In my (maybe simplistic) view it’s their problem and not KiCad’s.
(Luckily I’m just a regular guy and no KiCad developer, and my opinion in such matters do not have much weight)
Apple have made a conscious & commercial decision to redesign and to remove some functionality from their operating systems. macOS for >=10.15(Catalina) onwards no longer supports 32 bit applications. Some of the (open source) build dependencies are installed by brew which is also now unsupported on earlier platforms. Additionally, the packagers have had to deal with the issue of notarisation of builds which is necessary for current operating systems. Compiling KiCad on macOS is not entirely straightforward and, with limited number of Mac developers, I can understand why supporting older hardware is difficult to justify. You can argue the pros and cons of Apple’s secure garden approach but it has been a very successful model for their business.
I have generally found Mac hardware to be well built and to have a decent software support life. Sure, its expensive but it does last - I am still using a 10 year old MacBook Pro as my main machine. It happily runs the next to latests macOS 10.15 and is nippy enough with its new SD drive to run KiCad and a second monitor without issue. I hope to upgrade to a new M1 sometime but nobody could really complain about a 10 year lifespan for a laptop that has been used for several hours every day.
I will be sad to say goodbye to my other Mac soon - that is stuck at 10.13.6 but is now 16 years old, so really doesn’t owe me anything. I have still managed to build relatively recent versions of KiCad nightly on this machine but it has become increasingly difficult. I feel the pain that the developers must have in trying to keep old versions supported!
So, even though support for earlier macOS versions may be removed, 10.15 will run well on really quite old hardware so it is not too restrictive. I don’t think this is quite so true of Windows, for instance. I do understand why the developers need to make a pragmatic decision to only support the most recent versions of macOS. If resources were infinite, it would be nice to have older os version support but that is unlikely to happen. Perhaps @Tiberiu_Vicol might be still working on (unsupported) builds for older macOS versions?
(And complaining to Apple is unlikely to cut much ice!)
10.14 is EOL by Apple in 2 months, the maintainer has made the determination trying to make the 10.15 build process compatible is not a worthwhile endeavor to spend on a obsoleted OS as per our development policies.
macOS 10.15 does not drop support for any mac devices which further reinforces the point.
If someone “third party” wants to make 10.14 builds, they are more than free to do so.

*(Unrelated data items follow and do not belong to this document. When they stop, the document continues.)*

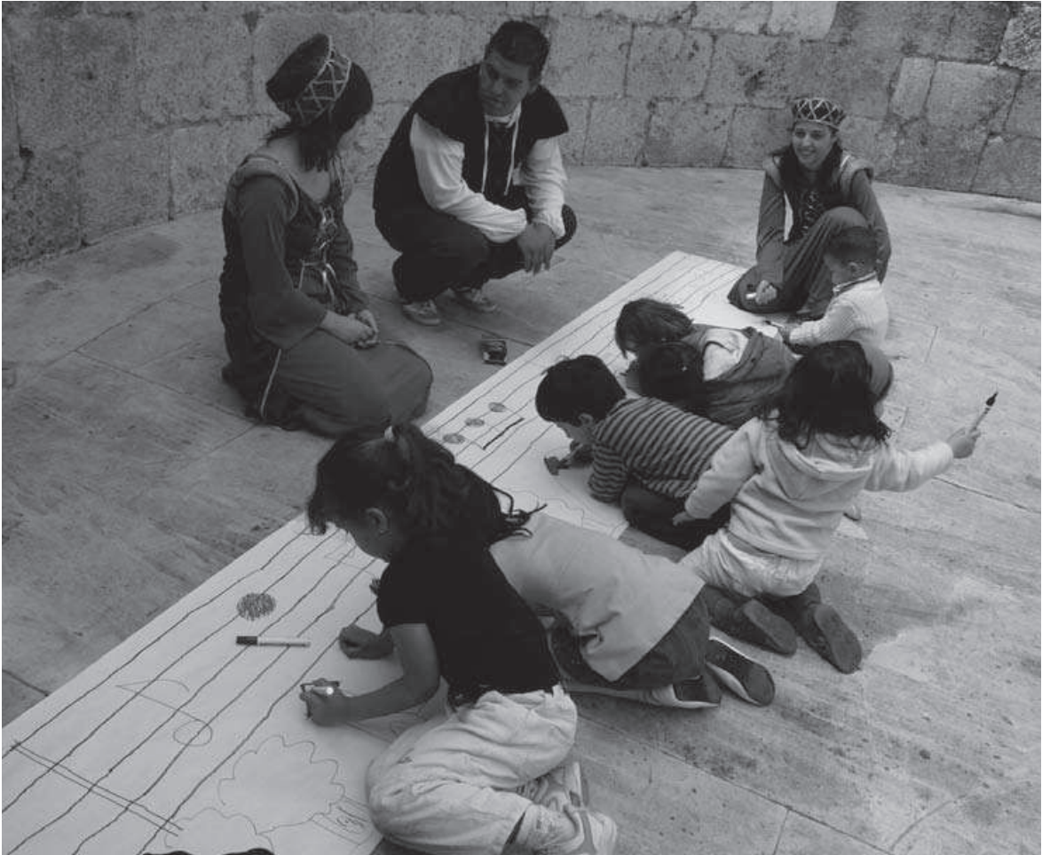
Fig. 10: Actividad relacionada con la música y los cuentos en las ruinas de la iglesia de Santa María (junio 2008).

intencionalidad educativa puede ser una estrategia fundamental para que las nuevas generaciones aprendan a valorar el patrimonio cultural como algo interesante y divertido al mismo tiempo. La buena acogida que las familias dispensaron a las actividades, y el hecho de que muchas personas repitieran su asistencia, son un claro síntoma de que existe una demanda creciente al respecto.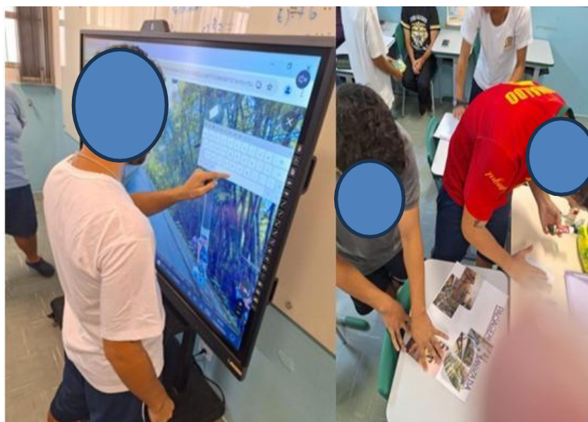
Figura 3 – Oficina “Onde Estou?”

Seus colegas e professores, da mesma forma com que os membros da comunidade escola possam conhecer as limitações e potencialidades dos alunos deficiente, As imagens (Figura 3) mostram a ocorrência das oficinas pedagógicas que irão compor este produto final em questão.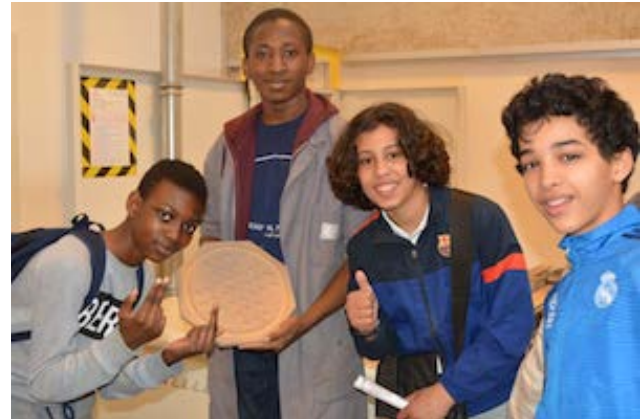
Menuiserie - Démonstration élèves Lycée Louis-Blériot de Suresnes (2)

Par madame Berjon-Bailly proviseure du lycée Louis-Blériot, Suresnes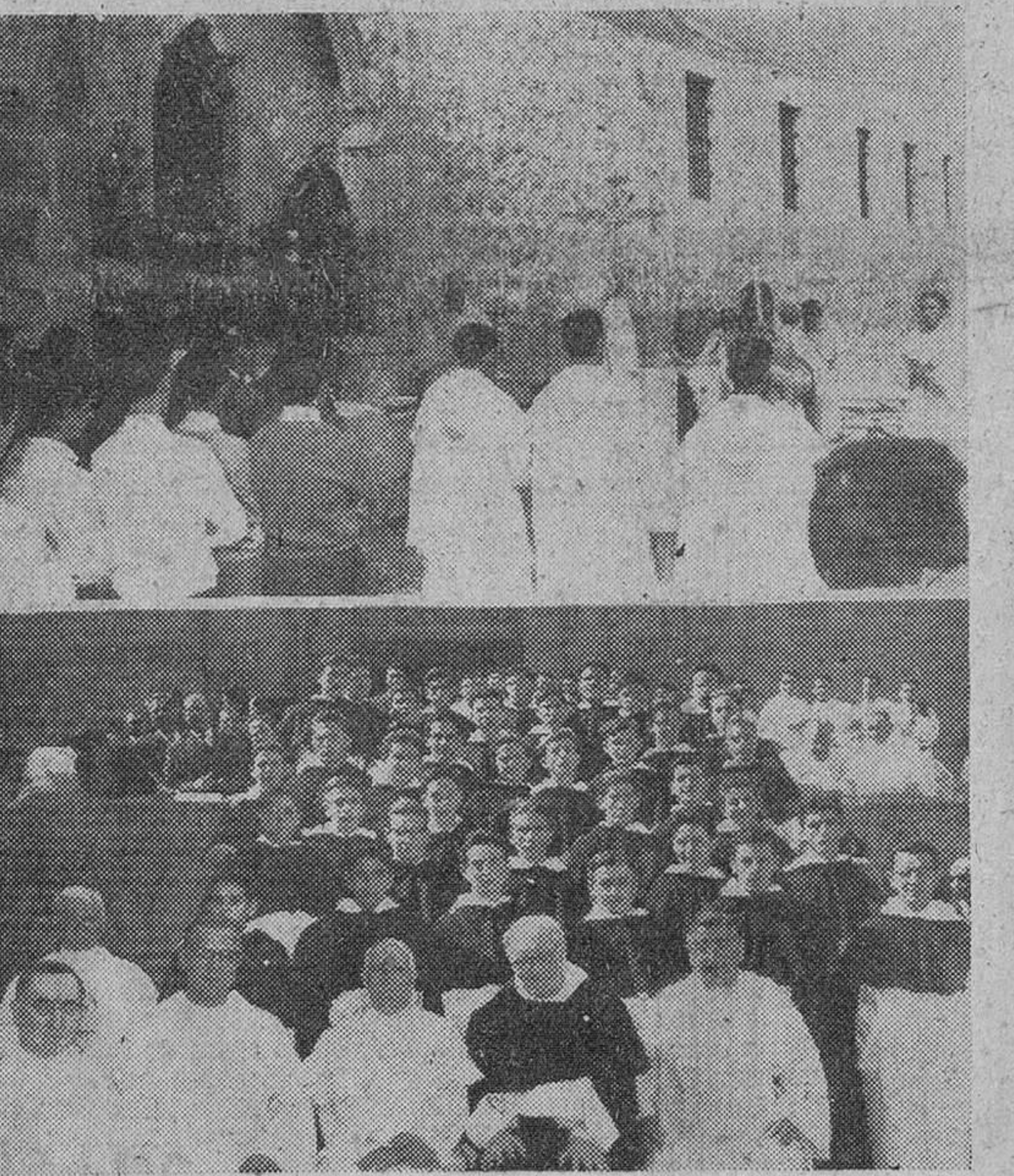
Dos momentos de los solemnes actos celebrados ayer en Caleruega. En la parte superior, el Padre Maestro General de la Orden de Predicadores, oficiando en la solemne misa. En el grabado inferior, el P. Brown, acompañado de varios provinciales, con el grupo de novicios que recibieron el hábito.

If 10.15 is the new minimum requirement, that’s fine - 10.15 drops support for 5,1 Mac Pro’s and below, though it can be patched to make it work. Running 10.14 is convenient if you still have some 32-bit apps to run. There was just no official announcement (that I could find) that the nightly builds were moving to 10.15 only.
The headache that emerged was opencascade’s brew package went 10.15+ only. And in the macOS world we only have one packaging maintainer who wasn’t exactly going to start maintaining monstrous dependencies like opencascade himself.
So unfortunately the 10.15 change was abrupt and required to keep up with the Windows and Linux platforms where we have more manpower and in general, packaging is less difficult.